It’s hard to get anything done with all of the push notifications pulling us into other directions. You can find something else to do or think about at any given moment. But maybe the distractions aren’t the problem. Maybe it’s your willingness to be distracted that needs to be examined.
“Distractions are by-products of a problem,” says Kyle Cease, author of I Hope I Screw This Up: How Falling In Love With Your Fears Can Change the World. “Something outside of you is pulling you away from yourself or a goal. But the distraction is actually on the inside, and what’s going on outside matches what’s going on inside.”
We invite distractions as a way to handle three internal struggles, says Cease.
Using Distractions To Cover Your Fear
Distractions can help you avoid something that makes you afraid, such as trying something new or achieving a big goal. Many of us stay in a place of fear because it’s a way to seek connection, says Cease. “We get a lot of love for feeling doubtful and scared,” he says. “If you go to lunch with friend and you complain, now you’re connecting through complaining. Eventually you may become scared to not complain because you’d lose the feeling of love from that person.”
Fear is an illusion that comes from looking at something you’ve never done. “The nervous system isn’t scared of doing specific things; it’s scared of things it’s never done before,” says Cease. “It believes anything could be death. Everything you’ve already done has proven itself to be safe.”
If you’re about to make a big presentation, for example, and your mind suddenly comes up with the idea, “What if I throw up?” you’re creating an internal distraction to avoid dealing with your fear.
“Immediately your ego shows up, saying ‘You’re not going to throw up,’ helping you with problem it created in the first place,” says Cease. “Instead, look at that fear as a thought passing through. The problem isn’t having the thought, it’s being resistant to the thought and feeling that you need to fix the thought.”
Instead of creating distractions, embrace the fear, suggests Cease. Go into a new or uncomfortable situation saying, “I hope I screw this up,” or, “What if I screw this up? And I love that.”
“Once you are okay with the problem, it goes away,” he says. “All of a sudden you’re not enslaved to it. Resistance to the problem keeps it there.”
At the time of this interview, Cease, whose speaking tour The Limitation Game has been described as a cross between Jim Carrey and Eckhart Tolle, was preparing for a meeting with a television producer from Oprah Winfrey’s network. “I’m going into the meeting with the idea that I’m okay with screwing up,” he says. “All of a sudden I’m free of boundaries. I don’t need that producer’s approval. I perform much better if I’m okay with it going badly.”
Seeking Distractions Because You’re Insecure
The feeling of not being good enough keeps you from pursuing goals, and seeking distractions could mean you have a lack of awareness of who you are.

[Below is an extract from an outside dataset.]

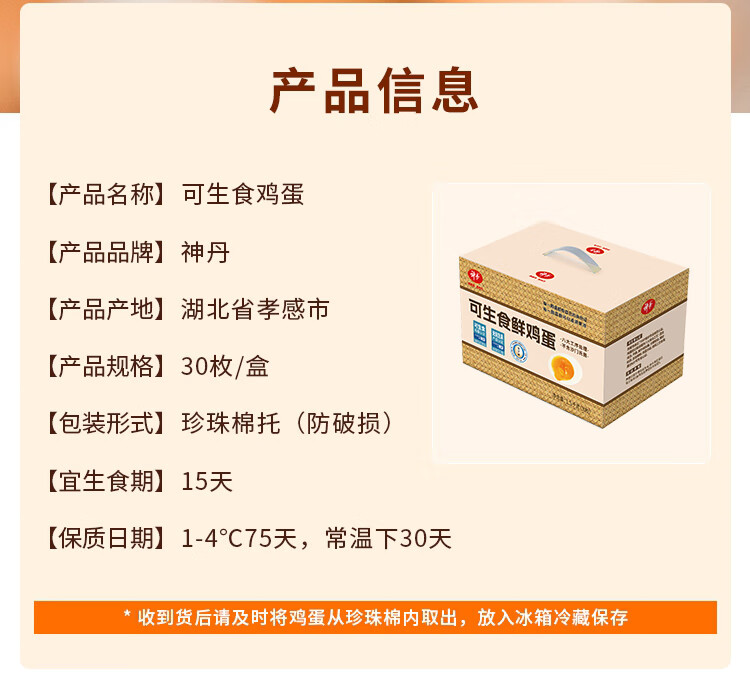 神丹可生食鲜鸡蛋礼盒 无抗鸡蛋谷物饲养 源头直发 30枚 3斤
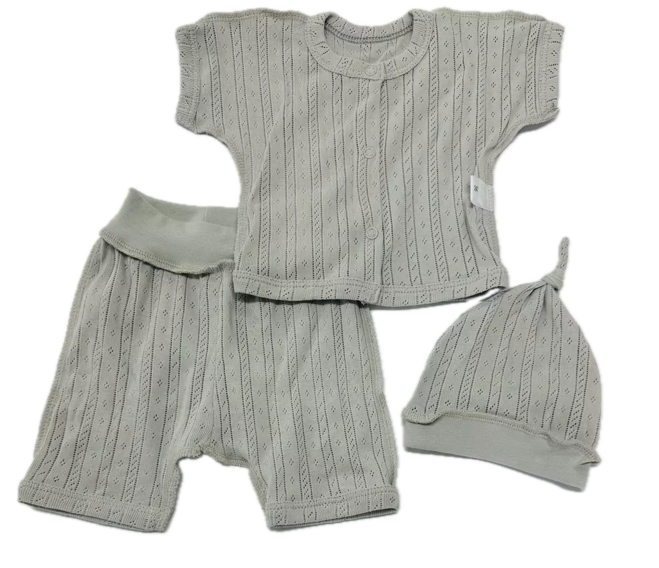 Комплект ясельний: льоля зкоротким рукавом, штанці вкорочені, шапочка. Полотно- ажурний ластик, бавовна 100%

The first thing to do is to stop thinking you’re incomplete, says Cease.
“Every commercial shows this loser person who then flips the tab of a Budweiser and has bikini women surrounding him,” he says. “You’re not enough is a great starting point. We buy into it because we are horrified that we are enough. Society is built around constant improvement.”
This sense of lacking is often formed in childhood. “We grew up believing that who we are is what our parents think about us,” says Cease. “We tap-danced, performed, or whatever we had to do to get love, and we end up becoming characters, thinking that love comes from avoiding something or moving something or chasing something.”
Approval has to come from self-connection. “Believing that connection is something outside of yourself causes you to be disconnected,” says Cease.
You Use Distractions For A Sense Of Control
A big cause of stress is trying to control things that you can’t, says Cease. “You can’t control politicians, for example,” he says. “You can control what you do. People pace around, using circumstances outside of themselves as excuses not to step into their own ambitions. There is a lie that things outside of you run you.”
Distractions due to lack of control turn into excuses, blame, and credit. This outward thinking helps you avoid taking action and being vulnerable. “Right now we live in a time where people are starting to see the BS in themselves and the world,” says Cease. “People can see through manipulation and strategies and marketing. The number-one thing they’re looking for is authenticity, and that takes vulnerability.”
Letting go of what you can’t control opens you up to opportunities. “Who am I to say that things have to go this way when there could be a lesson worth way more than the vision I had for myself?” asks Cease.